BEGIN
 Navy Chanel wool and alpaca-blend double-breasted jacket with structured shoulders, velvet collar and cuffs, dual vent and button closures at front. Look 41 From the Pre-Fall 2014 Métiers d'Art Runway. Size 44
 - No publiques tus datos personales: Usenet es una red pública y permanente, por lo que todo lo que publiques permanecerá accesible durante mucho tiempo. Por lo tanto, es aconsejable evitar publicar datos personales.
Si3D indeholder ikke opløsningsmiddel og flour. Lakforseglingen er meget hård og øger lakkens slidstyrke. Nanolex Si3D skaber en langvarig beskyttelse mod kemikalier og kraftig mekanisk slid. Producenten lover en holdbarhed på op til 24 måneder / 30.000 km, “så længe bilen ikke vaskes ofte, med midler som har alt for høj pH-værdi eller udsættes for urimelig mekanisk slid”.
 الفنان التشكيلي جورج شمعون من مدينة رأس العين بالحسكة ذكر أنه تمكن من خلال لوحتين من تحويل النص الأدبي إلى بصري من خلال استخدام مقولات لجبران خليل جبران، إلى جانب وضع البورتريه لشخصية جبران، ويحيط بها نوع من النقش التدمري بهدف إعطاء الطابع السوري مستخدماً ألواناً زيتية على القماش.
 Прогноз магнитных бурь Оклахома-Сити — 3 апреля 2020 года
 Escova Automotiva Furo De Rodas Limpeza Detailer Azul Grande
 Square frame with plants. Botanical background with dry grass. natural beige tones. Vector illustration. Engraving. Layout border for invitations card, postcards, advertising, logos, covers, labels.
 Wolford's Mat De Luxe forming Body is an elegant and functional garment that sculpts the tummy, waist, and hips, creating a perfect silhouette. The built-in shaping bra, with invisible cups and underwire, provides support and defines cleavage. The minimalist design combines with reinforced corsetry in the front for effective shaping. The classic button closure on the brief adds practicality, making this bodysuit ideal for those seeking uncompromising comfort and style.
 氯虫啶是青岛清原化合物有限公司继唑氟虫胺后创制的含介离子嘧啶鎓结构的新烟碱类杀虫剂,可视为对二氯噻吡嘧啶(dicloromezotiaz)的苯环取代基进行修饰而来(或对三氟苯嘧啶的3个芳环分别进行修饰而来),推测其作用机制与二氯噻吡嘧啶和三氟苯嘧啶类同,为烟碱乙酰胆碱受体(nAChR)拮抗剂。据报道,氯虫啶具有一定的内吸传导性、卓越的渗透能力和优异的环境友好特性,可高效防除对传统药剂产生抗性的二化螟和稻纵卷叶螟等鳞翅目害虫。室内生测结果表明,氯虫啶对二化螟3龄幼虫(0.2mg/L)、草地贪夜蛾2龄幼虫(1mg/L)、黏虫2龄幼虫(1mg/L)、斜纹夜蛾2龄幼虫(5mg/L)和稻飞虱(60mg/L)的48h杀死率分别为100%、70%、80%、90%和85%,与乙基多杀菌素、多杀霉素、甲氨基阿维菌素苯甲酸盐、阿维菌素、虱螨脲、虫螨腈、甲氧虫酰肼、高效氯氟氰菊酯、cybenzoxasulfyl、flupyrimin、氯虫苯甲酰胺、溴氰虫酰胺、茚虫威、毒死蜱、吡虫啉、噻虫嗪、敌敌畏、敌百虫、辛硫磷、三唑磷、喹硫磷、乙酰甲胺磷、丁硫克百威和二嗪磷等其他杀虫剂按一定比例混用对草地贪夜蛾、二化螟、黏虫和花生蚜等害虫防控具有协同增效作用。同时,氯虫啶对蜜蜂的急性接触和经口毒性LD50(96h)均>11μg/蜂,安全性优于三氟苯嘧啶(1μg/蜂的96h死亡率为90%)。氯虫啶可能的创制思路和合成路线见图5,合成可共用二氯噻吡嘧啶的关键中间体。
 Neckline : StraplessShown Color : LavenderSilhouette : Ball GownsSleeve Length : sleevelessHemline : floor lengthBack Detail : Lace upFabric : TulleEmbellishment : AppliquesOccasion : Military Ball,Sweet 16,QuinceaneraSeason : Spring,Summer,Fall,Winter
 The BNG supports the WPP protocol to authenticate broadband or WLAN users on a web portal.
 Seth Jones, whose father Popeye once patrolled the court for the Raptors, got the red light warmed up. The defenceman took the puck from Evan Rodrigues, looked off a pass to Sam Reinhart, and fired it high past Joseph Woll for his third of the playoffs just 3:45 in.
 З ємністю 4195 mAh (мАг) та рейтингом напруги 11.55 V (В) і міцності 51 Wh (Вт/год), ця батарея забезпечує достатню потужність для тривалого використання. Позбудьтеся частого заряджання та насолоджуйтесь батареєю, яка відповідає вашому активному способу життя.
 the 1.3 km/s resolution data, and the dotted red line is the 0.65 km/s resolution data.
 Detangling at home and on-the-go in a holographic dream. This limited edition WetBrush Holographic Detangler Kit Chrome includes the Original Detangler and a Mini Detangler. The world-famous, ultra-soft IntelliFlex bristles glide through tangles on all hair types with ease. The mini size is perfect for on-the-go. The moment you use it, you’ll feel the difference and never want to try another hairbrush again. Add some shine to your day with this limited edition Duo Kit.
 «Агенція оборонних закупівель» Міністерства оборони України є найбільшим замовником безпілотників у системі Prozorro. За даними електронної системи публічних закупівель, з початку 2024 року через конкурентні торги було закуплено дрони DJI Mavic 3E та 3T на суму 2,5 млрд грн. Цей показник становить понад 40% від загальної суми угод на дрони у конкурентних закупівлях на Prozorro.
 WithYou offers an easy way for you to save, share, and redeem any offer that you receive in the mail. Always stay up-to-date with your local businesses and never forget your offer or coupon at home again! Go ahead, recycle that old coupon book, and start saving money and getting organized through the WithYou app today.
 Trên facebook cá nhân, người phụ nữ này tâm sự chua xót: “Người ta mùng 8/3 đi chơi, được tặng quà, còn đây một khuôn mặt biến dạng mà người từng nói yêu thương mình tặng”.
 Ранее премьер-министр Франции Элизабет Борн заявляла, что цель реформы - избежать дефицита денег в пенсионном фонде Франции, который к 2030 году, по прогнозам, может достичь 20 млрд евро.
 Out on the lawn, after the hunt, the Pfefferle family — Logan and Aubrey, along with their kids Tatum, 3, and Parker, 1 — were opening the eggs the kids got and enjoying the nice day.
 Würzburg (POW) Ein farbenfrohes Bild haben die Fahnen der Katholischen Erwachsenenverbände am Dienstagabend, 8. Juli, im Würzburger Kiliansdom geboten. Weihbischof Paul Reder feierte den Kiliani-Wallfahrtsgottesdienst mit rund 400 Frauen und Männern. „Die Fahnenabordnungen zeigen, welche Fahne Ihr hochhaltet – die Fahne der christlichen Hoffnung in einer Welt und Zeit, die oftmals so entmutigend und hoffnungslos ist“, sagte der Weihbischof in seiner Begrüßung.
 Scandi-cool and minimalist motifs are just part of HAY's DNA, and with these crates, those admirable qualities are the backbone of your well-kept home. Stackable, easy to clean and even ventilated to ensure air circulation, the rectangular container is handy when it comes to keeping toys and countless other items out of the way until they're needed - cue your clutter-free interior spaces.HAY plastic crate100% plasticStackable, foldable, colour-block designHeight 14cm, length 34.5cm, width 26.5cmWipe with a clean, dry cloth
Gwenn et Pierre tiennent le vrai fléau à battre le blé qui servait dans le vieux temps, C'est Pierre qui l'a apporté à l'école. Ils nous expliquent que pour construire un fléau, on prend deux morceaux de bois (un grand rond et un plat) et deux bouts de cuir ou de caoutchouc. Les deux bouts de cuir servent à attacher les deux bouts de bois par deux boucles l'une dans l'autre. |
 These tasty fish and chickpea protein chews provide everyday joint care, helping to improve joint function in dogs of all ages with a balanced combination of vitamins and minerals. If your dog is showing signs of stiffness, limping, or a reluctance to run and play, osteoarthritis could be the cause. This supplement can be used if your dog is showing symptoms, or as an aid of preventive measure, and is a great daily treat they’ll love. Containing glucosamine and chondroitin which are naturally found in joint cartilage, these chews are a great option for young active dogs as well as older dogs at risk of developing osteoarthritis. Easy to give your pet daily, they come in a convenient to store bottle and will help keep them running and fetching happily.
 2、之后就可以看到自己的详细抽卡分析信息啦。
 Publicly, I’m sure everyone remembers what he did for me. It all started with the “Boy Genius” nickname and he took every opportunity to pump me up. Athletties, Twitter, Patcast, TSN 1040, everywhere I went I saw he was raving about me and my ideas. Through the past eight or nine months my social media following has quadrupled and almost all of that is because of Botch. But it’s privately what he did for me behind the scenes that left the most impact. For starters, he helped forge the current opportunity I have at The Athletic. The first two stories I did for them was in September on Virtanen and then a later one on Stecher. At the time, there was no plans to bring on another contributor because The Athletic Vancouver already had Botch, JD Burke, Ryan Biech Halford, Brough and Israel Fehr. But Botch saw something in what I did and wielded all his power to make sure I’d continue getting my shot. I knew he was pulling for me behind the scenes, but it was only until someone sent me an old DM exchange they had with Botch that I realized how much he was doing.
END
* [WHAT THE EXERCISE ASKS]
Look back at the data above. Transcribe exactly the lines starting at the line that contains "З ємністю 4195" and ending at the line that contains "Detangling at home".

* [EXPECTED ANSWER]
 З ємністю 4195 mAh (мАг) та рейтингом напруги 11.55 V (В) і міцності 51 Wh (Вт/год), ця батарея забезпечує достатню потужність для тривалого використання. Позбудьтеся частого заряджання та насолоджуйтесь батареєю, яка відповідає вашому активному способу життя.
 the 1.3 km/s resolution data, and the dotted red line is the 0.65 km/s resolution data.
 Detangling at home and on-the-go in a holographic dream. This limited edition WetBrush Holographic Detangler Kit Chrome includes the Original Detangler and a Mini Detangler. The world-famous, ultra-soft IntelliFlex bristles glide through tangles on all hair types with ease. The mini size is perfect for on-the-go. The moment you use it, you’ll feel the difference and never want to try another hairbrush again. Add some shine to your day with this limited edition Duo Kit.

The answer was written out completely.